● **What is needed**: Restate word for word the lines between the start of the material and the line with "Cisco SFP-25G-SR-S compatible", keeping both of those ends and none of the pictures.
::::
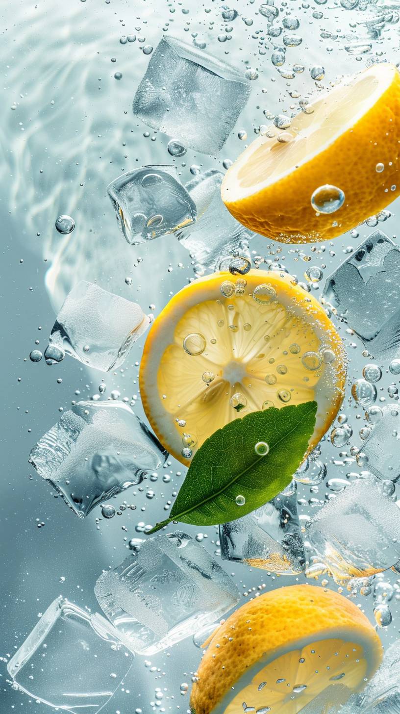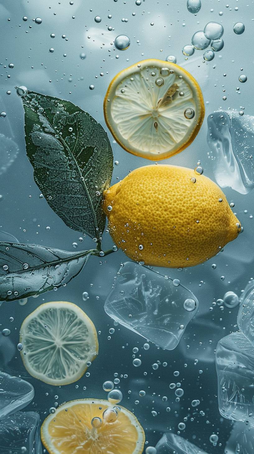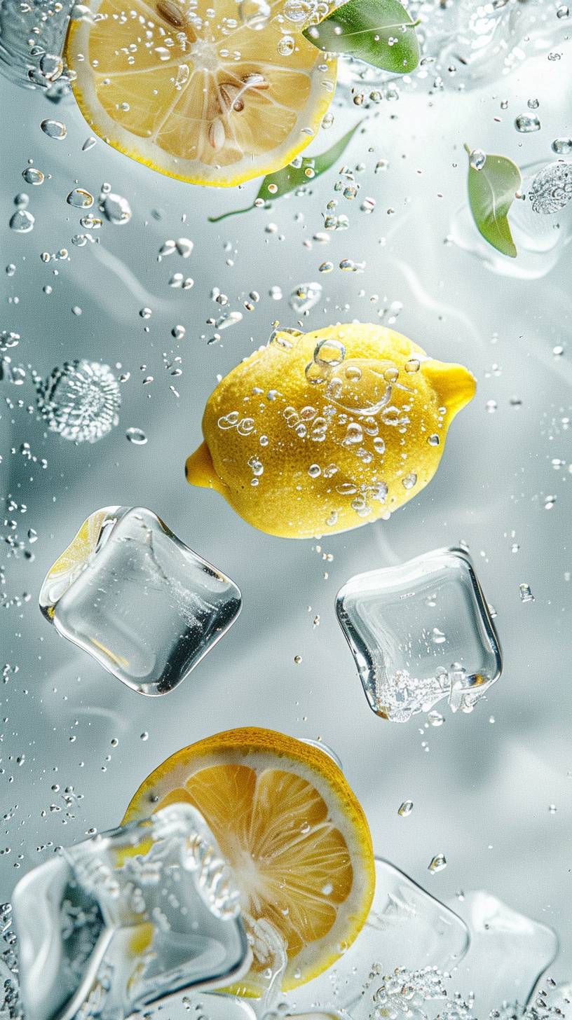 yellow lemon and cut lemon and its leaf underwater,color bubble,Cool sparkling water,bubble,clear ice,many Ice blocks,crystal clear,white background,bright tone,Clear,HD photos,beautiful,high details,best quality,32k --ar 9:16 --v 6.0
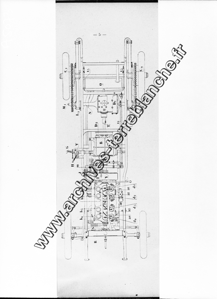 Plan d'un châssis de voiture moteur un cylindre puissance 9 HP.
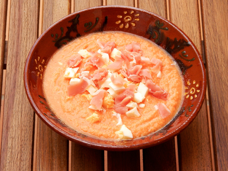 Сальморехо - еще один вариант холодного супа. Во многом напоминает гаспачо, но есть отличия - меньше компонентов (томаты, хлеб, масло, чеснок, уксус), гуще, подается обычно с хамоном и вареным яйцом. Очень вкусно и очень просто приготовить самим.
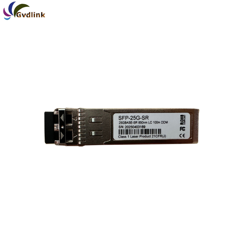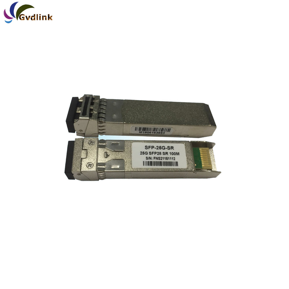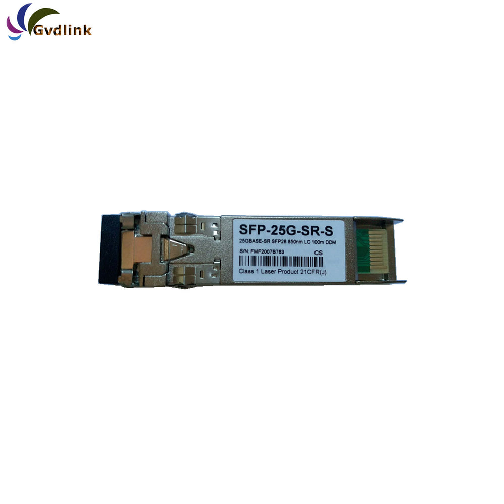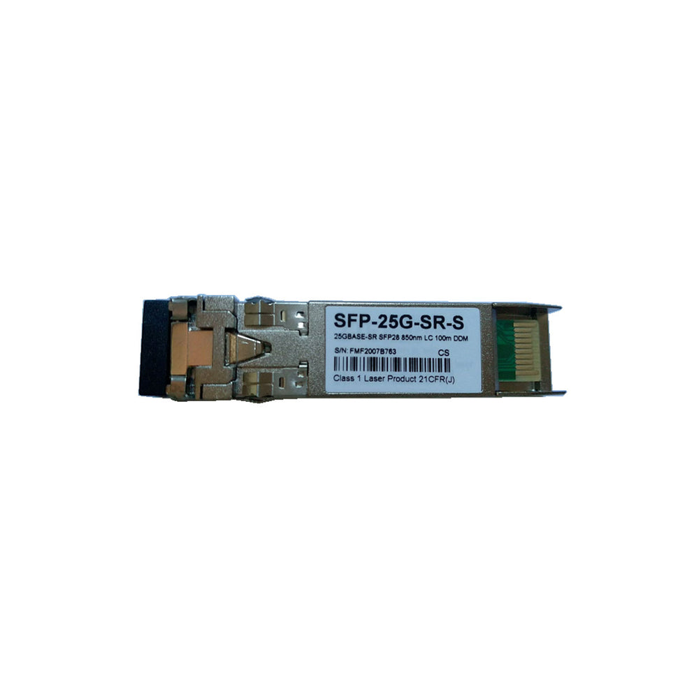 Cisco SFP-25G-SR-S compatible SFP28 transceiver adopts LC duplex connectors, reaching a link up to 100m over OM4 MMF (70m over OM3). The SFP28 transceiver module supports running on the same 1G/10G network cabling Infrastructure, giving 2.5 times increase in speed at least, and the built-in DDM/DOM functions monitor the real-time operating status. This hot-swappable transceiver is pre-programmed, uniquely serialized, and tested for data traffic and application performance. Besides, it offers interoperability, laying a foundation for the next-generation network upgrade. Each SFP28 transceiver module is individually tested on a series of Cisco switches, and is fully compliant with the SFP28 MSA, RoHS, CPRI, and the eCPRI standards. Featuring low power consumption, high speed, this 25G transceiver is ideal for 25G Ethernet, telecom, and data center.
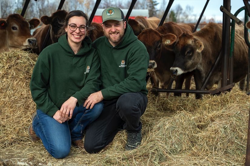 Le parcours atypique d’Emmanuelle Vincent et de Simon Laflamme s’inscrit dans une vision agricole moderne et durable. Les propriétaires de la Ferme Belflamme, à Saint-Anselme, ont réalisé un transfert non apparenté remarquable. Ils ont aussi su faire preuve d’audace en changeant de troupeau, passant de la race holstein à la race jersey. Tournés vers l’avenir, Emmanuelle et Simon placent le développement durable au cœur de leur mission. Ils s’appliquent à produire du lait de qualité supérieure en respectant à la fois le bien-être animal et l’environnement. Également parents de cinq enfants, ils réussissent haut la main à concilier vie familiale et vie professionnelle. Ils trouvent même du temps pour s’engager dans leur communauté! Leur approche entrepreneuriale, leur esprit d’innovation et leur solide habileté en matière de gestion forcent l’admiration. Le couple espère aussi encourager la relève à envisager des transferts non apparentés, une voie prometteuse qui pourrait favoriser davantage l’établissement d’entreprises agricoles.
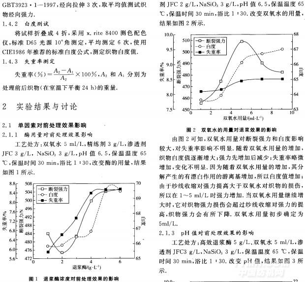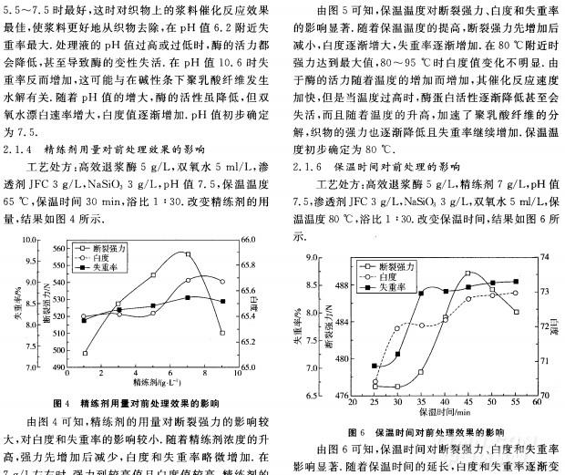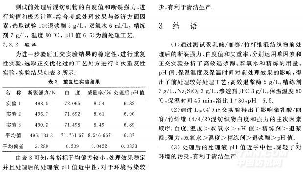 摘要:采用高效退浆酶一步法对聚乳酸/丽赛/竹(4/4/2)混纺织物进行前处理,通过白度、断裂强力和失重率指标进行评价,分别对高效退浆酶、双氧水和精练剂的用量、pH值、保温温度和保温时间进行单因素实验研究,得出合适范围,通过I(4j)正交试验,进一步确定上述因素对前处理的影响,找出高效退浆酶一步法前处理最佳工艺.实验结果表明高效退浆酶一步法前处理工艺能满足聚乳酸/丽赛/竹混纺织物的后续生产要求并有利于清洁生产.
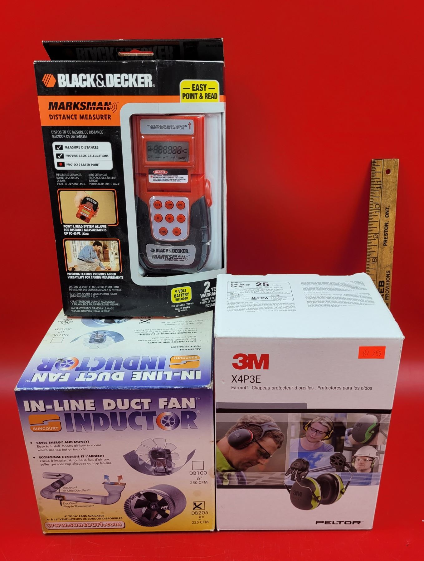 Black & Decker Marksman Distance Measurer, Suncourt In-Line Duct Fan, & 3M Earmuffs
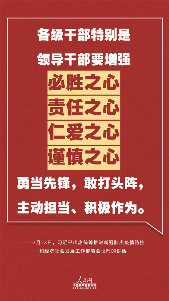 基层是联防联控、群防群治的第一线。“习近平总书记强调,各级干部特别是领导干部要增强必胜之心、责任之心、仁爱之心、谨慎之心,勇当先锋,敢打头阵,主动担当、积极作为。作为基层党员干部,我们要继续坚守在一线,战斗在一线,通过开展‘学习型家庭’线上知识竞赛、在线心理辅导、‘菜篮子’服务送上门等活动,带领群众打好、打赢这场疫情防控阻击战。”盐南高新区南港社区党委书记李正鑫在战“疫”一线说。
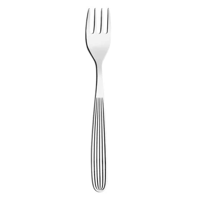 Scandia dessertgaffel 16 cm fra Iittala. Scandia-kolleksjonen har vært populær siden den ble lansert i 1952. Kaj Franck skapte et enkelt, men slående design. Den allsidige Scandia dessertgaffelen har et riflet håndtak som er lett å holde. Perfekt til desserter og servering. Den mellomstore gaffelen er også perfekt for barn. En god gaveide.
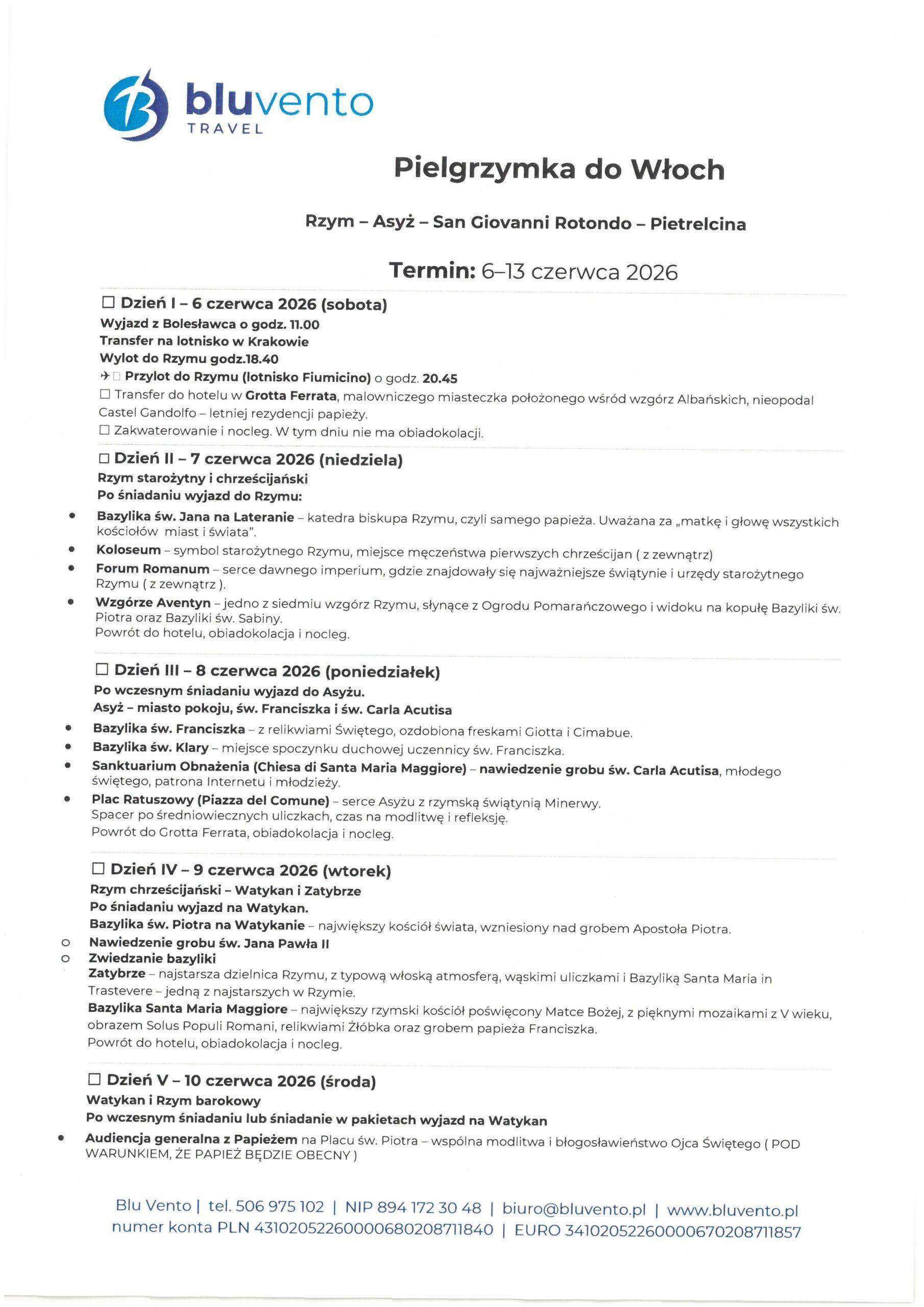 Parafia nasza organizuje pielgrzymkę do Włoch w czerwcu 2026. Zapraszamy do zapoznania się z programem i wspólnego pielgrzymowania. Od dziś przyjmujemy zapisy.
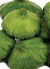 Matures 55 days. Small scallop squash, light in colour; small blossom end scar. Courtesy of Norseco
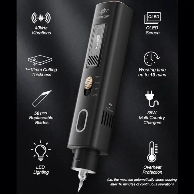 Every Time: 3D Printed Models, PVC, Leather, Wood, Plastic, Resin, Carbon Fiberone tool handles it all! Featuring 4 bright LED lights on the blade head, it illuminates your workspace for razor-sharp accuracy, even in dim conditions. Ultrasonic energy cuts like a hot knife through butterno heavy pressure needed. Get tasks done quicker and cleaner, with no chipping, fraying, or accidental scratches.
::::
● **Answer section**:
 yellow lemon and cut lemon and its leaf underwater,color bubble,Cool sparkling water,bubble,clear ice,many Ice blocks,crystal clear,white background,bright tone,Clear,HD photos,beautiful,high details,best quality,32k --ar 9:16 --v 6.0
 Plan d'un châssis de voiture moteur un cylindre puissance 9 HP.
 Сальморехо - еще один вариант холодного супа. Во многом напоминает гаспачо, но есть отличия - меньше компонентов (томаты, хлеб, масло, чеснок, уксус), гуще, подается обычно с хамоном и вареным яйцом. Очень вкусно и очень просто приготовить самим.
 Cisco SFP-25G-SR-S compatible SFP28 transceiver adopts LC duplex connectors, reaching a link up to 100m over OM4 MMF (70m over OM3). The SFP28 transceiver module supports running on the same 1G/10G network cabling Infrastructure, giving 2.5 times increase in speed at least, and the built-in DDM/DOM functions monitor the real-time operating status. This hot-swappable transceiver is pre-programmed, uniquely serialized, and tested for data traffic and application performance. Besides, it offers interoperability, laying a foundation for the next-generation network upgrade. Each SFP28 transceiver module is individually tested on a series of Cisco switches, and is fully compliant with the SFP28 MSA, RoHS, CPRI, and the eCPRI standards. Featuring low power consumption, high speed, this 25G transceiver is ideal for 25G Ethernet, telecom, and data center.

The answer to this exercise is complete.